The highlight for me, was being immersed in the whole crazed atmosphere, which one can simply not experience in America or the West.

 

IMG_1963The highlight for my friends was different.  They got to watch me kiss the chicken head.

Now to explain, we ordered a chicken, which arrived dead but just recently from the looks of it and it looked as if he had a rough time during his untimely execution and boiling. The bird arrived without feathers but with everything else, including a very unhappy-looking head, which was removed by an expert chop and left on the table. We were told not to eat the meat of the head as the chicken was killed by injecting poisons into it’s brain, and I thought it’d be foolish or rude to bring up the fact that the rest of the bird probably wasn’t any safer to eat. So, before we left I had the job of kissing the chicken head for the amusement of my friends. So I did. Again, another distinctive Hong Kong experience.

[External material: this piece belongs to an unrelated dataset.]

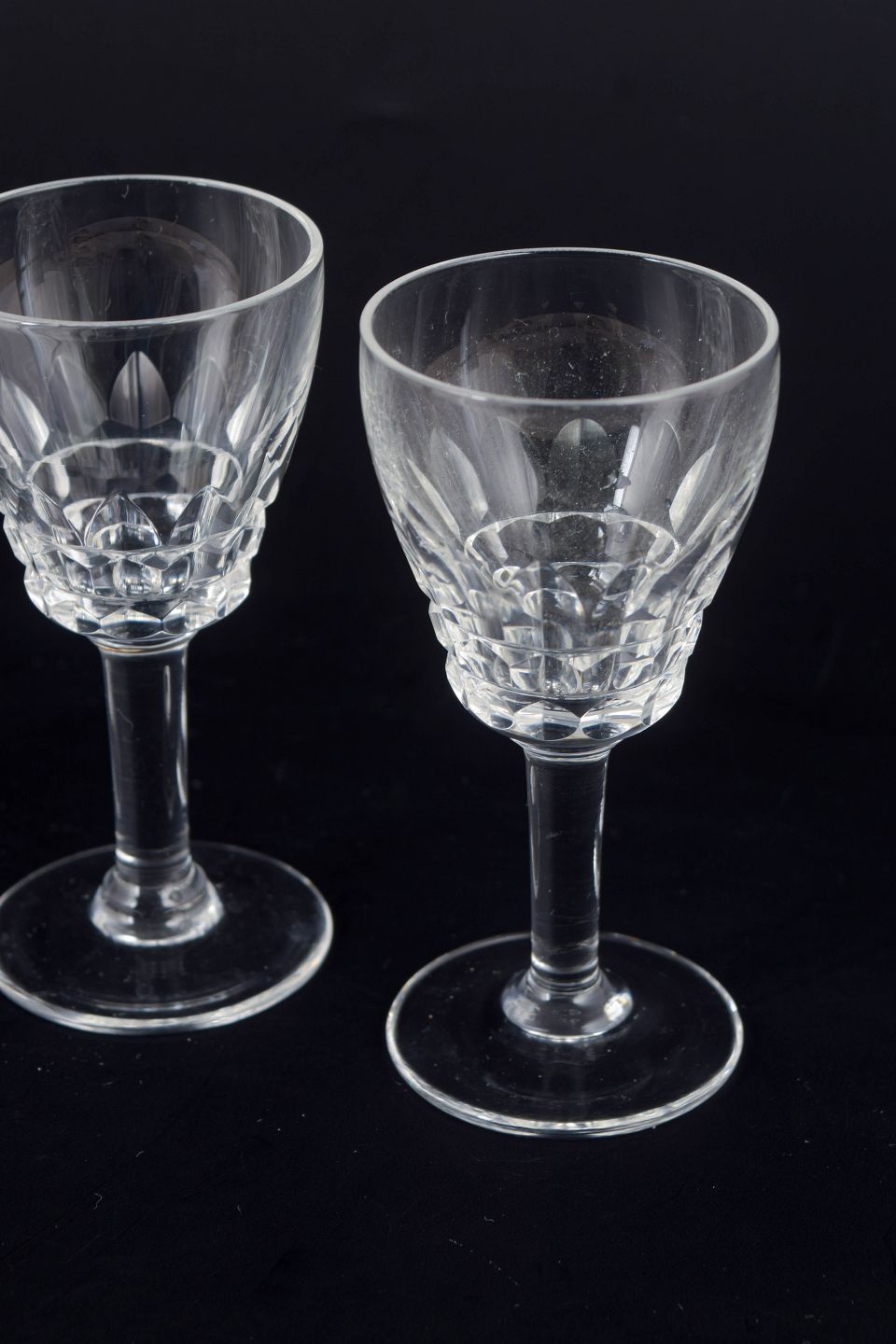 Mid-20th-century French crystal glassware is often defined by precise cutting and well-balanced proportions, using facets and flat planes to emphasise clarity and sparkle. Small schnapps glasses were a staple of formal table settings and home bars, and remain highly collectible today for their timeless elegance.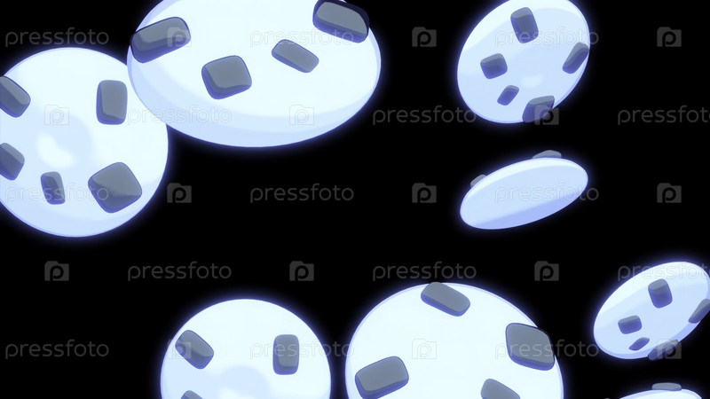 Многие голубые неоновые круглые печенья с шоколадными чипсами, вращающимися и падающими на черный фон

Footnote: We went back here 1 month later, as a final meal before leaving HK.  It wasn’t as overwhelming, but I wanted to experience it again, and share the experience with a few others, so this time another German and his mainland Chinese girlfriend accompanied us to the street with no name and we dined across from where we had last time. The reason being, it was raining enough that it was flooding slightly and the other was closed, so we went to a shabbier- looking place where the waiter was watching TV while serving us, the cook was smoking two cigarettes at once, one in each hand, while cooking, and a random dog kept walking around the tables and barking at people. Only the Westerners, and by that I mean myself and my German friend, seemed alarmed by this.

The chicken head. Before being kissed.

The chicken head. Before being kissed.